- Dow Jones futures rocketed 500 points higher on Tuesday morning. The index continued higher after the open.
- Investors continue to pile into stocks despite a risky economic and political backdrop.
- In a zero-rate environment, investors have little choice but to add more exposure to the stock market.
Dow futures surged Tuesday morning, triggering an even bigger rally after the open.
You could say it’s all down to the Fed. Or maybe Trump’s new infrastructure plan. Or re-opening the economy. Or the retail investor frenzy. But there’s a much simpler reason why stocks are booming:
Investors just don’t have any other choice.
Equities economist Peter Dixon at Commerzbank summed it this morning on a call with Bloomberg:
There really isn’t any other option other than to invest in equities for the simple reason that it’s the only asset class that’s generating any form of decent yield, given that we’ve got interest rates on the floor.
With rates now at zero (or negative in much of the world), bond yields have vanished. Money managers looking for that elusive return have little option but to keep on buying stocks.
And despite a breaking Bank of America report that found 98% of investors think stocks are over-valued, Dixon says there’s still “juice left to be squeezed” from this rally, too.
Dow futures soar 500 points
It’s another volatile week on the stock market. After an incredible 1,000-point recovery in yesterday’s session, stock futures surged in the pre-market session.
The Dow Jones Industrial Average opened higher and would eventually gain as much as 848 points. It was last up 420 points, or 1.6%.

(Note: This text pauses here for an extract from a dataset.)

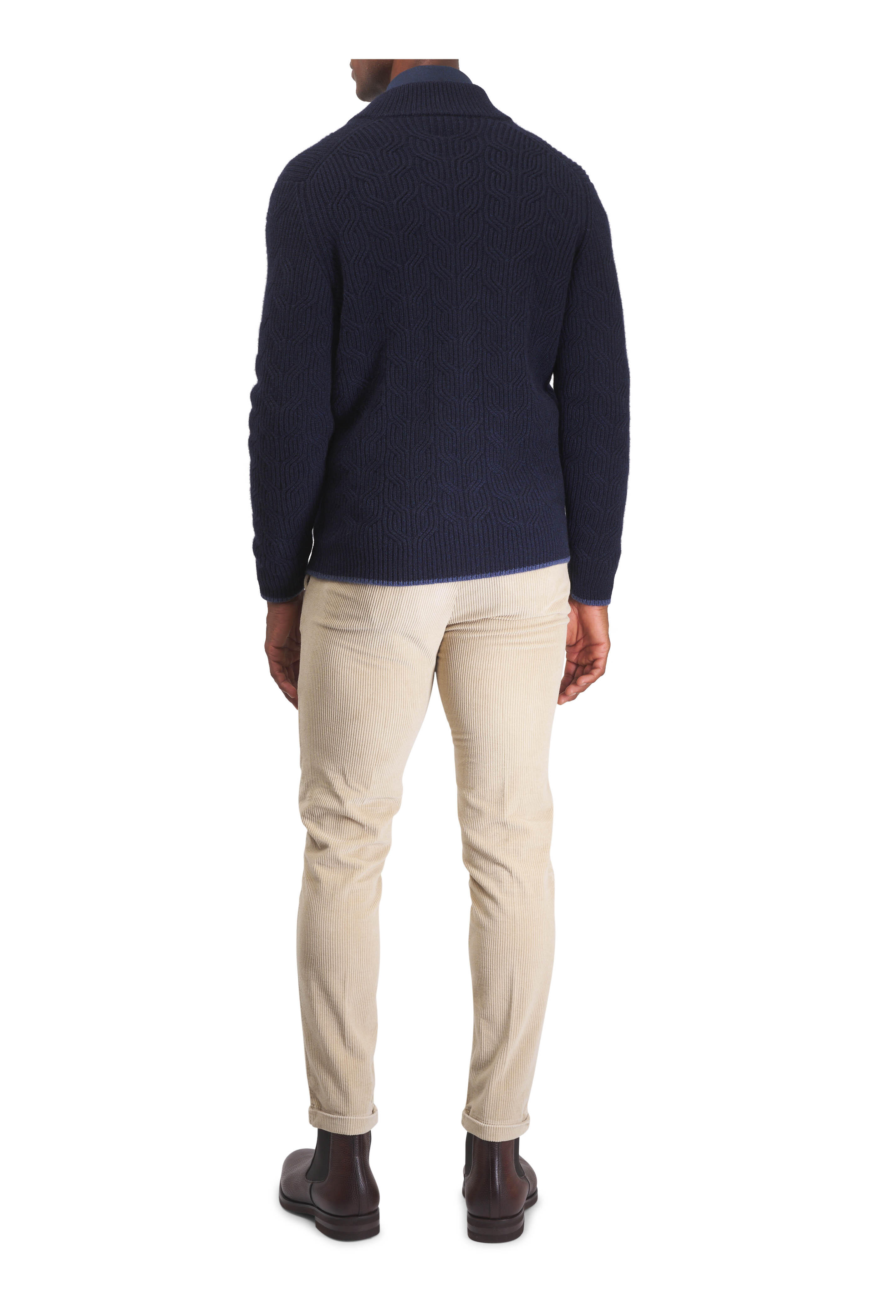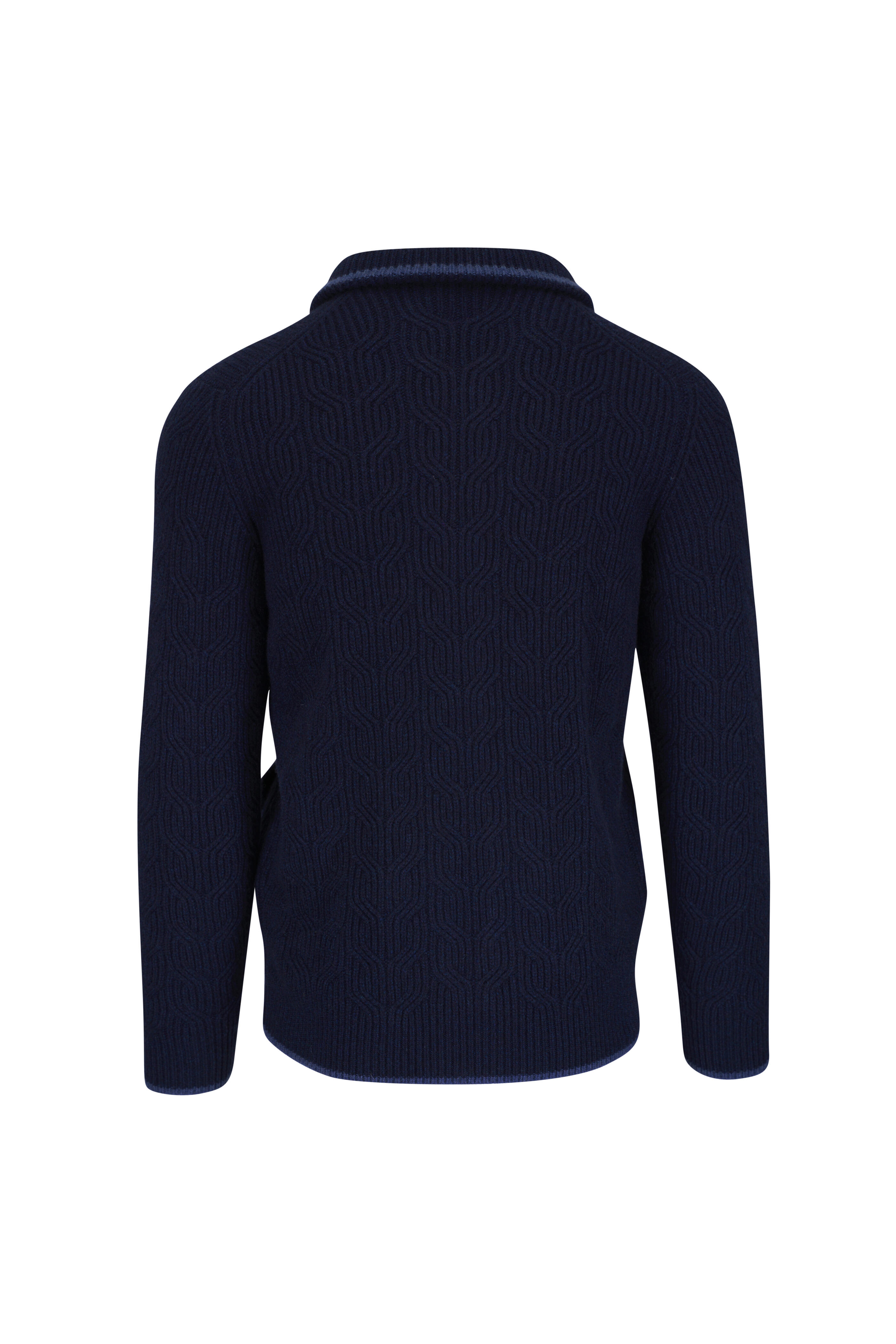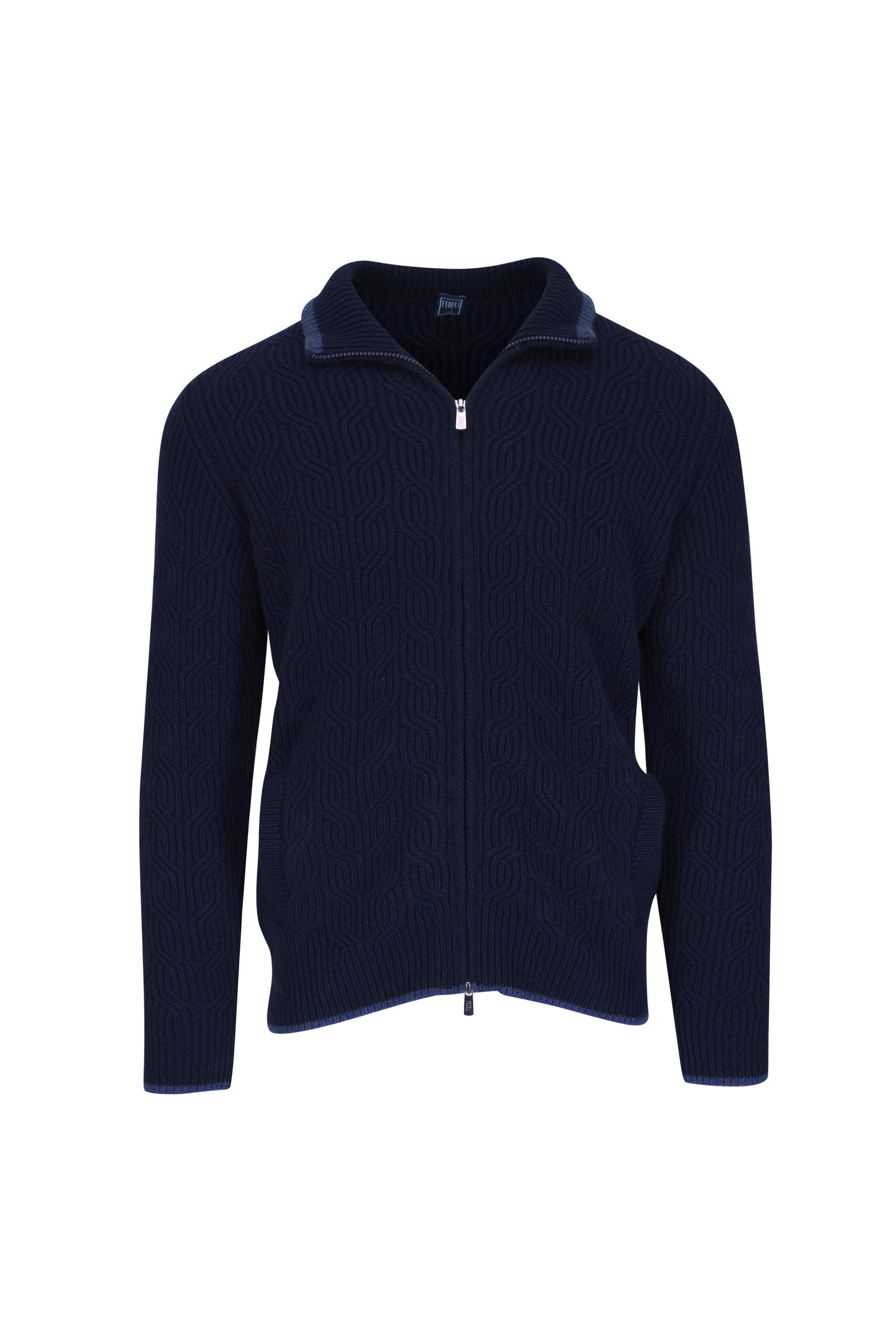 • Fedeli - Navy Tipped Cashmere Full Zip Sweater

The stock market is the only option…
The classic 60/40 portfolio of stocks and bonds no longer has the same power it once did. With bond yields evaporating, money managers are taking on more risk to hit their target 7-8% return. That means loading up on risky assets like equities. Jeremy Siegel, advisor to Wisdom Tree says investors are likely moving to a 75% allocation to stocks, instead of 60%.
We believe that the old 60/40 model just won’t be able to cut it any more, that’s why we recommend 75/25.
We’re seeing this play out in real time. America’s largest public pension fund just announced a new leverage strategy using equity futures. Funds simply can’t hit their 7% target without ramping up risk.
Remember, there’s almost $5 trillion sat on the sidelines right now. Where will fund managers put that cash to work? Zero-interest bonds? Or equities?
Dow will go down before it goes back up: Morgan Stanley
Today’s analyst call comes from Mike Wilson, Morgan Stanley CIO. Wilson is long-term bullish, and has been since the March low. But he thinks a healthy retracement is in order after stocks got a little “frothy.”
I’m targeting 2800 on the downside for the S&P 500 before this bull market resumes in earnest.
That’s a possible 8% reversal before buyers kick back in. Long-term, he’s looking at a return near all-time highs of 3,350 by June 2021, suggesting a 10% upside from here. Wilson’s bear case is 2,900 by next year.
Stock market spotlight today
Traders are shrugging off new geopolitical tension in Asia after North Korea destroyed the joint liaison office with South Korea overnight. Both sides confirmed an explosion in the border town of Kaesong. The attack comes after growing tensions between North and South Korea in recent weeks.
Elsewhere, reports suggest the Trump White House is readying a $1 trillion infrastructure spending plan. The money will target roads and bridges, as well as 5G wireless connections and rural broadband. The news helped push U.S. stock futures higher Monday evening.
Lastly, Federal Reserve chairman Jerome Powell will testify before the Senate Banking Committee today at 10am ET. Powell is expected to double down on the “gloomy” economic recovery map. He’ll also re-iterate the bond-purchasing program that buoyed the markets yesterday.